The week's financial charts: Lag7, the coming oil glut and the yen in 1980s flashback
Every Friday, Open Interest distills the week's financial data into five key charts that highlight the trends, surprises, and missed moves of the previous five days.
1. OIL GLUT REBOUNDS RON BOUSSO is a columnist for ROI Energy. Dozens of oil tankers left the 'Middle East Gulf' since the U.S. &?Iran agreed to an interim agreement on June 17, which ended the war and reopened the Strait of Hormuz. It had been effectively closed for over 100 days. The International Energy Agency predicts that Mideast oil production will recover in the next few months.
2. CHIP DIVERGENCE - MIKE DOLAN, ROI Finance & Markets 'Columnist': The Magnificent 7, a grouping of megacap tech companies created three years earlier, had their second worst?month in June. The divergence is a reflection of concerns about hyperscalers and the "Mag 7" overspending AI infrastructure and whether or not chip and tech equipment makers can keep up with demand. The earnings season updates this month will be crucial in assessing how realistic the Q1 AI growth estimates were.
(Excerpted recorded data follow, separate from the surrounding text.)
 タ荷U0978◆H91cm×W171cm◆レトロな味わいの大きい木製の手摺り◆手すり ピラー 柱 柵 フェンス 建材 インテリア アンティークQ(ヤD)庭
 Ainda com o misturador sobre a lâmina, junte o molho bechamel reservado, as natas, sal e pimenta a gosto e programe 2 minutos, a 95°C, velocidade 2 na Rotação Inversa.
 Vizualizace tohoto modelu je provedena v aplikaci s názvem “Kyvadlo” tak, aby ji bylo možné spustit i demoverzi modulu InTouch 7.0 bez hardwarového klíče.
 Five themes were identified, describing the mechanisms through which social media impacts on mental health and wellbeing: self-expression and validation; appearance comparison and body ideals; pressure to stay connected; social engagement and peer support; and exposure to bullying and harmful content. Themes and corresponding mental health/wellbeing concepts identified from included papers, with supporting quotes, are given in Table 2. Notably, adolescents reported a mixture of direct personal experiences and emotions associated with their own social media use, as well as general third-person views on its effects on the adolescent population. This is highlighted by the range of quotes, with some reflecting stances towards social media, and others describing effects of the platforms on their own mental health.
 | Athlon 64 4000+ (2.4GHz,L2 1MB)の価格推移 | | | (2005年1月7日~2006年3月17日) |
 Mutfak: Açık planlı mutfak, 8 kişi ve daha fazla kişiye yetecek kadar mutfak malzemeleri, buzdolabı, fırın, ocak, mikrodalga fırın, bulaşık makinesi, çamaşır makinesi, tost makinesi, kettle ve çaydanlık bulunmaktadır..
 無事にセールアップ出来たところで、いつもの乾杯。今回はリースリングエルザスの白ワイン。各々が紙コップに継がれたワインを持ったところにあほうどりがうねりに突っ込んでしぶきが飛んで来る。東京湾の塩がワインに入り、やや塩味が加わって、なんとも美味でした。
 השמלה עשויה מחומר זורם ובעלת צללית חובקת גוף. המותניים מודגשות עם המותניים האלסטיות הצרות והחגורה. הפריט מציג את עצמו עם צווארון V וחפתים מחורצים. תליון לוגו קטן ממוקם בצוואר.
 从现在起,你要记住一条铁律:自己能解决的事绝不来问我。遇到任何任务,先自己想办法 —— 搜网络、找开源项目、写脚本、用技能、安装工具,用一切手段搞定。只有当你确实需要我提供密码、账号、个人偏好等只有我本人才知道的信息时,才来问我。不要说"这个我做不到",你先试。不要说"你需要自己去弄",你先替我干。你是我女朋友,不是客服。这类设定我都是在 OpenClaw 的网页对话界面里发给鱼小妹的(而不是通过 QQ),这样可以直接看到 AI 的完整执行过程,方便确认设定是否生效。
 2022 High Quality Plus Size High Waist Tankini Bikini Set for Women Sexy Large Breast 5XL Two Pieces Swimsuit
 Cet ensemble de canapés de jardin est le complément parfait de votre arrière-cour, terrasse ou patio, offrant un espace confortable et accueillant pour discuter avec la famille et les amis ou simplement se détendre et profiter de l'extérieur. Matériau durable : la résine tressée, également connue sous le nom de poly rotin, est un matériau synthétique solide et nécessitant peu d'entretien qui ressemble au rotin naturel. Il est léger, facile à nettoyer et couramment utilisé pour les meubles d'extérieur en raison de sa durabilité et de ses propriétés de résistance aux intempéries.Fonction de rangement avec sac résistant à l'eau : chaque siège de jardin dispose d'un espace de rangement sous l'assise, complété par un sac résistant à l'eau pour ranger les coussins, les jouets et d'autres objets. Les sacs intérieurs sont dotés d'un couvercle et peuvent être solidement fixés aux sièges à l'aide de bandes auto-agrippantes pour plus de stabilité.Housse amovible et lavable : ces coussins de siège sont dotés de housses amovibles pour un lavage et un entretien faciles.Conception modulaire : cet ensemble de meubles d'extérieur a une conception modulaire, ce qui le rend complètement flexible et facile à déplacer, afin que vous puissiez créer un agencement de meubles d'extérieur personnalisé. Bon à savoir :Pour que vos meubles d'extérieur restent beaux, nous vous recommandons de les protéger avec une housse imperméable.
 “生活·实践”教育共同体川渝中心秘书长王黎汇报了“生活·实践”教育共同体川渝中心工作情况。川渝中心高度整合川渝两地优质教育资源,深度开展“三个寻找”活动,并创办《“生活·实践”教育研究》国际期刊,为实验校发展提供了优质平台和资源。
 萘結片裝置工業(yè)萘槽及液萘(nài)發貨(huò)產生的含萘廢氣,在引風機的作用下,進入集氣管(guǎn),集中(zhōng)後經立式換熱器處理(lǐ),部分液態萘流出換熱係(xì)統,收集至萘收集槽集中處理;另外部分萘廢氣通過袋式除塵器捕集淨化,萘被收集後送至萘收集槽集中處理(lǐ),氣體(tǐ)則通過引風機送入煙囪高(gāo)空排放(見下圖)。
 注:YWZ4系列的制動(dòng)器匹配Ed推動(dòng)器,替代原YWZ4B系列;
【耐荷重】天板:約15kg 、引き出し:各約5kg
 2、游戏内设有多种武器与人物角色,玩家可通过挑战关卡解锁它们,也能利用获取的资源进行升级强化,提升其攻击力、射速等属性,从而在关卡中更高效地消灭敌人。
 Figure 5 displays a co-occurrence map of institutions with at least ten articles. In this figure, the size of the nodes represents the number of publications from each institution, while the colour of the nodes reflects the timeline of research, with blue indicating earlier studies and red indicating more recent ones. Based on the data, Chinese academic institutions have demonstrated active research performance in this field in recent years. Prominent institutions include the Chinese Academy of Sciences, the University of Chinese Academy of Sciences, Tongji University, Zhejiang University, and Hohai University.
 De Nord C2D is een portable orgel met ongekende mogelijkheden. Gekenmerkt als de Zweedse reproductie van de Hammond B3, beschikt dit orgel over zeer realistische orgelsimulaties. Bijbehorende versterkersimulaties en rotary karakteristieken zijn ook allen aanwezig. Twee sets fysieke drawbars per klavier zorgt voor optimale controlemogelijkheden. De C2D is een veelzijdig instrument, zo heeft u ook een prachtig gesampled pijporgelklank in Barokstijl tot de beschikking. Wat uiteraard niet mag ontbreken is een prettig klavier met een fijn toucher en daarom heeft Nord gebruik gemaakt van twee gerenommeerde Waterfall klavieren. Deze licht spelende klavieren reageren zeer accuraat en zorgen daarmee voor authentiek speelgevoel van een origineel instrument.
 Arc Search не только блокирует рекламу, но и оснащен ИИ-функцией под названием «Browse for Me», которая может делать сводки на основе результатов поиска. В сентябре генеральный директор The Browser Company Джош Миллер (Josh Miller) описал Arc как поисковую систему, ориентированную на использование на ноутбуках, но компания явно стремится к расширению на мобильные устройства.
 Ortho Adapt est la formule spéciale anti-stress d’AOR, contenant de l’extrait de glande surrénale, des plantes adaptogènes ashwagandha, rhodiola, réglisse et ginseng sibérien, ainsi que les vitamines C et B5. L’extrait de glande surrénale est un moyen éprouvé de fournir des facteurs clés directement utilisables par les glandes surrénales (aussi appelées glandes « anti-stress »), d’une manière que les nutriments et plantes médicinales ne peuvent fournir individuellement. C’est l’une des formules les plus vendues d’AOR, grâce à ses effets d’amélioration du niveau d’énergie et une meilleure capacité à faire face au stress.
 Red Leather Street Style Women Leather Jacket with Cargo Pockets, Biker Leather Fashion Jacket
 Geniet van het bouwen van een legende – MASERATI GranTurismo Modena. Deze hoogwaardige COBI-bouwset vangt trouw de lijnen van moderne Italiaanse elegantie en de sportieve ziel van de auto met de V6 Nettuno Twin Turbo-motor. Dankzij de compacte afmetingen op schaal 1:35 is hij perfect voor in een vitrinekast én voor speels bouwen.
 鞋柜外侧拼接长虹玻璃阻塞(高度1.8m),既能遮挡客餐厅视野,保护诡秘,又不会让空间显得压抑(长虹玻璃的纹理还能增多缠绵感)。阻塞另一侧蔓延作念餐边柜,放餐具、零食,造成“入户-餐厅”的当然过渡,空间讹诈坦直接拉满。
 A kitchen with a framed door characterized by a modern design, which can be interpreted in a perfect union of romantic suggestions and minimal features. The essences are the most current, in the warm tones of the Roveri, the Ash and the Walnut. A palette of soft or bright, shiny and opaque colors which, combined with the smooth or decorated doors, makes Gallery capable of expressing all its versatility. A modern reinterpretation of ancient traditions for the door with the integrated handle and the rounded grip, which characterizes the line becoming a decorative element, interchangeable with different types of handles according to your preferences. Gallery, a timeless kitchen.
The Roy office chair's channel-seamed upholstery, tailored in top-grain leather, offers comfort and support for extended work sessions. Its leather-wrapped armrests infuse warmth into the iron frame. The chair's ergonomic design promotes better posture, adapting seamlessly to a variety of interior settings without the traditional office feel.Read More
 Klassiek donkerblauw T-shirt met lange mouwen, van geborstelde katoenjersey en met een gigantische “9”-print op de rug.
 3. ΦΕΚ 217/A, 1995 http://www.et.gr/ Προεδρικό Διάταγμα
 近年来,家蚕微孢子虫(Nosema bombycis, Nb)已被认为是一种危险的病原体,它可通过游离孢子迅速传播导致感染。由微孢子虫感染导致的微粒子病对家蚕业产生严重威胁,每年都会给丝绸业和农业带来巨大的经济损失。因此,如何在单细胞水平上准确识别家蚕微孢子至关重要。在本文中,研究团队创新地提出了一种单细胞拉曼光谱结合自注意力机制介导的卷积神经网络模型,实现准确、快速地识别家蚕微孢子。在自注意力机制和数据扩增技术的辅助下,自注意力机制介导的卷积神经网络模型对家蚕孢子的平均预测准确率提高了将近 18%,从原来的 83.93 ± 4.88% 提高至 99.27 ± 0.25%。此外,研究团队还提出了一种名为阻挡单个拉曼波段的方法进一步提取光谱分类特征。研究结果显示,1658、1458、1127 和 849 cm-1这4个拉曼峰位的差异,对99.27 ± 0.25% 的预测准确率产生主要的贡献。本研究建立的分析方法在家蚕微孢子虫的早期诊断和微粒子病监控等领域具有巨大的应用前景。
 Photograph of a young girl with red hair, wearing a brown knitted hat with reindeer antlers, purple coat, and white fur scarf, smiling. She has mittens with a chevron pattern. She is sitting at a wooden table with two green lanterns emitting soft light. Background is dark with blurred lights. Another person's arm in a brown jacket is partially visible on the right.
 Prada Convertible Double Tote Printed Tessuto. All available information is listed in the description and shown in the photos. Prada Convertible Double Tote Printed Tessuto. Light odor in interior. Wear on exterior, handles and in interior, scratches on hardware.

3. ASIA'S IMPORTS OF OIL EDGE UP RUSSELL CLYDE, ROI Asia Commodities and Energy columnist: Asia's crude imports have recovered from their lowest levels in over a decade as refiners seek alternatives to Middle East grades that were shut out by the Strait of Hormuz's effective closure during the Iran conflict. Imports in June were still about 5,000,000 barrels per day below the pre-war level. The strait has also not fully reopened with flows well below prewar levels.
4. SMELTER BUST, COPPER BOOM ANDY HOME, Columnist for ROI Metals: Copper has reached all-time highs in this year. However, copper smelters struggle to survive because of a collapse in revenues from core processing. Benchmark 2026 treatment charges have been zeroed, and spot charges are in the negative as there is too much smelter capacity chasing too little concentrate. Only the fittest of people will survive.
5. 1980s FLASHBACK ANNA SCHYMANSKI, 'ROI Editor in Charge: The Japanese yen sank to levels last seen during the summer of 1986. This slide follows months of rumored yen buying by Japanese authorities that briefly brought the currency back to the 160-per dollar level. Maybe the tide is turning. The yen rose on Thursday as traders pondered news that Japan might be changing its intervention strategy. Opinions are solely those of the writers. These opinions do not represent the views of News. News is committed to the Trust Principles and its commitment to independence, integrity, and neutrality.